7. Interlacing means according to claim 1 wherein said yarn guides are for textured yarn so positioned that the yarn, measured in taut condition and with the compressed air supply shut off, upon entering and exiting the yarn channel experiences a change of direction of from 10° to 40°.
8. Interlacing means according to claim 1 wherein said yarn guides are arranged on a housing containing said yarn channel.
9. Interlacing means according to claim 8 wherein said housing of said yarn channel comprises a bottom and a top section, said top section being liftable therefrom over an entire length of the yarn channel, a straight groove being formed in at least one of said bottom and top sections defining said yarn channel.
10. Interlacing means according to claim 9 wherein a hinge pivotally connects said top and bottom sections.
11. Interlacing means according to claim 9 wherein the yarn guides are rigidly connected to the top section.
12. Interlacing means according to claim 9 wherein a clear cross-section of said yarn channel is approximately semicircular and formed as said groove in said bottom section and said channel bounded on a top side thereof by a level yarn channel ceiling formed by said top section.
13. Interlacing means according to claim 1 wherein said yarn guides are U-shaped downwardly opening yokes, said yokes being attached by brackets.
14. Interlacing means according to claim 1 wherein said yarn guides have at least one air deflecting surface arrayed to deflect away from a travel path of said yarn the compressed air stream issuing from the yarn channel.
15. Interlacing means according to claim 1 wherein said blow nozzle opens into the yarn channel approximately opposite from an approximately level channel ceiling thereby directing said air stream onto said ceiling.
16. Interlacing means according to claim 1 wherein the yarn channel is approximately 8 to 40 mm long.
17. Interlacing means according to claim 1 wherein said blow nozzle is positioned at approximately equal distance from said entrance and exit ends of said yarn channel.
18. Interlacing means according to claim 1 wherein said means for introducing compressed air is a single blow nozzle.
19. Interlacing means according to claim 1 wherein said yarn channel maintains an approximate constant cross section along a length thereof.
20. Interlacing means according to claim 1 wherein said yarn channel has a semicircular cross section.
21. Interlacing means according to claim 1 wherein the yarn guides are so positioned that any changes in direction which the yarn experiences upon entering and exiting the yarn channel as measured in taut condition and with compressed air supply shut off are larger than an adjacent angle of diffusion of the compressed air stream exiting from the yarn channel when the compressed air supply is turned on again.
22. Interlacing means according to claim 1 wherein said blow nozzle is provided with an exit opening having a rim, a distance h measured from said rim to an inner surface of said yarn channel lying opposite said exit opening as measured along a geometric longitudinal central plane of the yarn channel bisecting the exit opening, being a maximum of 6 mm, the maximum ratio of the distance h to a maximum width bmax of the yarn channel measured perpendicular to said distance in a common cross sectional plane thereof being 1 mm.
23. Interlacing means according to claim 1 wherein said blow nozzle has a constant cross section along its entire length.
24. Interlacing means as defined in claim 1 wherein said yarn guide is adjustable as to its position.
25. Interlacing means as defined in claim 1 wherein said blow nozzle generates a blowing angle for the compressed air of at least 75°.
26. Interlacing means as defined in claim 1 wherein said blow nozzle has a longitudinal axis intersecting a longitudinal axis of said yarn channel.
27. Interlacing means as defined in claim 1 wherein said yarn channel has a generally round cross section.
28. Interlacing means as defined in claim 1 wherein said yarn channel has a generally nonround cross section.
29. Interlacing means as defined in claim 1 wherein said yarn channel has an approximately semicircular cross section.
30. Interlacing means as defined in claim 1 wherein said yarn channel is so constructed and arranged that, in a taut condition of said yarn with supply of compressed air terminated, said yarn crosses diametrically an exit opening of said blow nozzle.

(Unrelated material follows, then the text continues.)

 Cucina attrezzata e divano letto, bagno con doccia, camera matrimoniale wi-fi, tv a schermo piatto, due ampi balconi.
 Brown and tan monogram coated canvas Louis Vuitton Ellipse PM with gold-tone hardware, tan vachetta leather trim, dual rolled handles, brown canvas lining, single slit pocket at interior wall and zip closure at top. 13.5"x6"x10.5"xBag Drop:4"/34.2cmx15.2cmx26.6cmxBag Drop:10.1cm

This invention relates to a means for voretxing for the interlacing multifilament yarns.

Texturized yarns are understood to be yarns made bulky in any suitable manner, e.g. by means of false twist texturization, swelling chamber texturization, edging texturization etc. The texturization can also be achieved by curling of the filaments.

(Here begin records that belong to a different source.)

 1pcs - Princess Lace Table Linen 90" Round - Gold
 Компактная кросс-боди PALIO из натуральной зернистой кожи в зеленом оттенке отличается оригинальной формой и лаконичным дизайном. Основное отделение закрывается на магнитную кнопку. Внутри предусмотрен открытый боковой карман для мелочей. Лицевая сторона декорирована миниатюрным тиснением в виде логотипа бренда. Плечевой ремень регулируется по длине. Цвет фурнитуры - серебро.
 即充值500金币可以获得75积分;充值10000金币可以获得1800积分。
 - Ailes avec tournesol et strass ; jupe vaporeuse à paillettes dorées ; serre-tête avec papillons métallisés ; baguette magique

The interlacing, intermingling or tangling of yarns has the purpose of improving cohesion of the multi-filament yarn in question, and thus its further processability. In this case, the single multifilament yarn preferably consisting of thermoplastic material, as it nears the interlacing means, is still untwisted or has only little protective twist, which yields insufficient cohesion of the filaments for further processing. The multifilament yarn receives the necessary cohesion only through the interlacing of its filaments. The filaments of several multifilament yarns can, if required, be twisted together into a single multifilament yarn in a yarn channel, into which they enter together.

Interlacing means can preferably be applied to texturizing machines, but also to other machines and arrangements, e.g. stretch yarn or spooling machines, or can be operated independently.

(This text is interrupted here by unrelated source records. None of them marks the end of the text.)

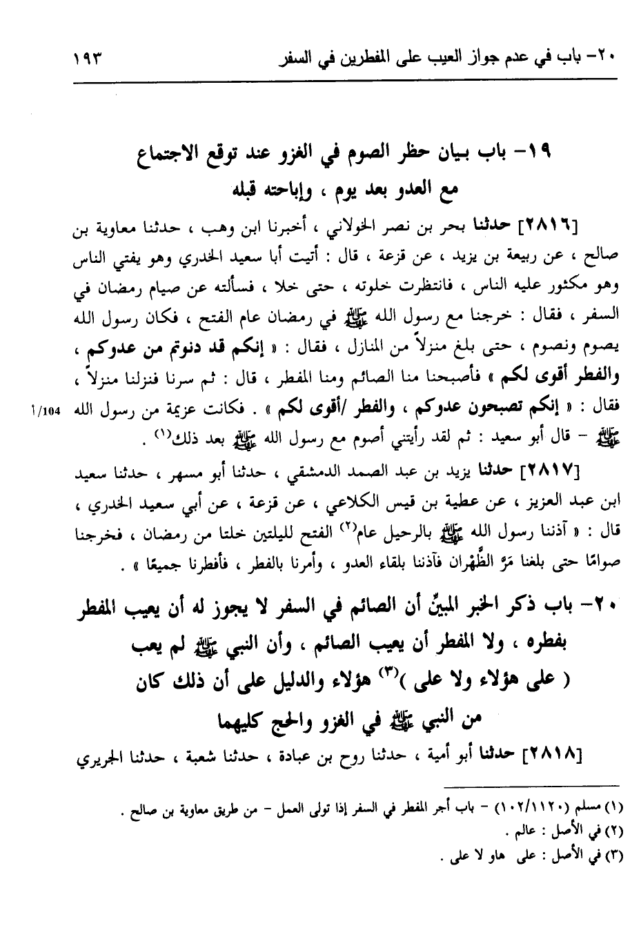 2818 - حَدَّثَنَا أَبُو أُمَيَّةَ، حَدَّثَنَا رَوْحُ بْنُ عُبَادَةَ، حَدَّثَنَا شُعْبَةُ، حَدَّثَنَا الْجُرَيْرِيُّ -[194]-، وَأَبُو مَسْلَمَةَ، عَنْ أَبِي نَضْرَةَ،، عَنْ أَبِي سَعِيدٍ قَالَ: «§كُنَّا مَعَ رَسُولِ اللَّهِ صَلَّى اللهُ عَلَيْهِ وَسَلَّمَ فِي رَمَضَانَ فَصَامَ صَائِمُونَ وَأَفْطِرْ مُفْطِرُونَ فَلَمْ يَعِبْ هَؤُلَاءِ عَلَى هَؤُلَاءِ وَلَا هَؤُلَاءِ عَلَى هَؤُلَاءِ»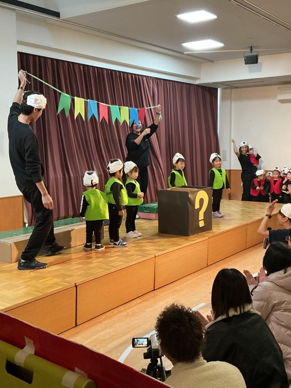 保育者の出し物ではプレゼントの中から可愛い動物が出てきてとっても嬉しそうに見ていましたよ!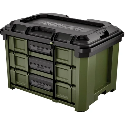 The BUNKER Load-Up Stacking Storage System offers the ultimate solution for organising, transporting, and securing your tools. Its modular design enables you to combine tool boxes, organisers and crates to create a customised stacking system that meets your specific needs. This drawer unit is constructed from high-impact resistant polypropylene. There are three 3.5"" deep drawers with dividers to enable organisation of contents. Each drawer has smooth operating sliders and auto-lock, to prevent the drawers opening on their own. For security, the system has a locking bar, which passes through to help deter theft and unauthorised access. The side rails for BUNKER Load-Up system accessories allow for further customisation and expanded storage options when used with BUNKER Load-Up Side Rail Hooks (Stock No. 31650). All BUNKER® storage comes with a 12-month warranty, extended to 10 years upon registration. Maximise your mobile tool storage and be ready for any job with the robust BUNKER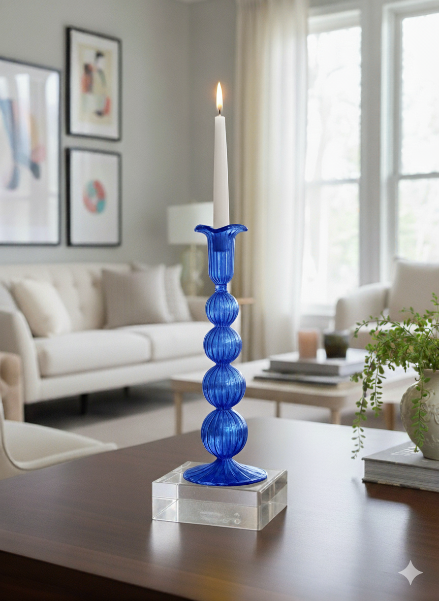 Crafted with precision and care, our Hand-Blown Glass Candle Holder showcases exquisite artistry.
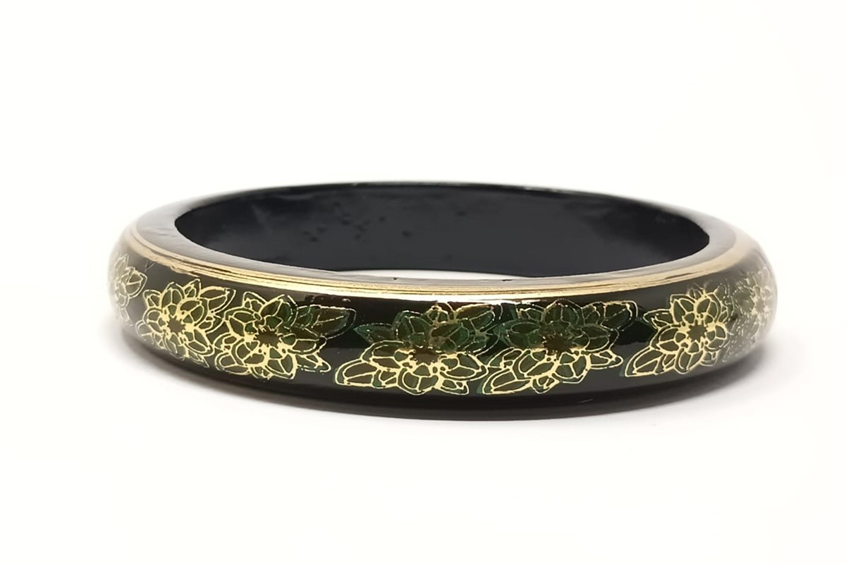 An eye catching wonderful design bangle, crafted by artisans of Kashmir, India. This unique handicraft is an all occasion gift to add grace to any outfit. Thickness: 1/2 Inch Diameter: 2.5 Inch Weight: 25 g Per Bangle

In a known interlacing means of this type (U.S. 4,069,565), which is used for the tangling or intermingling of previously false twisted and thus texturized multifilament yarns, the yarn is led by means of yarn guides arrayed at a distance from the entrance and exit opening of the yarn channel. This is conducted in such manner that the yarn extends through the yarn channel in its longitudinal central axis parallel to its longitudinal direction and thus with all-around distance from the circumferential wall of the yarn channel. Alternatively the yarn is guided crossing the yarn channel obliquely in such manner that it contacts only the entrance and exit opening. In yarns produced by such interlacing means, there exist between the relatively short interlaced stretches longer, nontangled stretches which in the case of texturized yarns are bulky stretches. For further processing of the interlaced yarns the best possible cohesion of the filaments of the yarn is desired. Advantageously the nontangled stretches are not overly long and if possible exhibit approximately equal lengths. However, in the yarn there occurs frequently, in addition to the desired, relatively short nontangled stretches, other nontangled stretches several times the length of the shorter nontangled stretches. Thereby large differences in the cohesion of the filaments arise, so that the filament cohesion of the yarn is not particularly good. In the German technical language is has become usage to designate the cohesion of the filaments with "Fadenschluss" or in English, cohesion.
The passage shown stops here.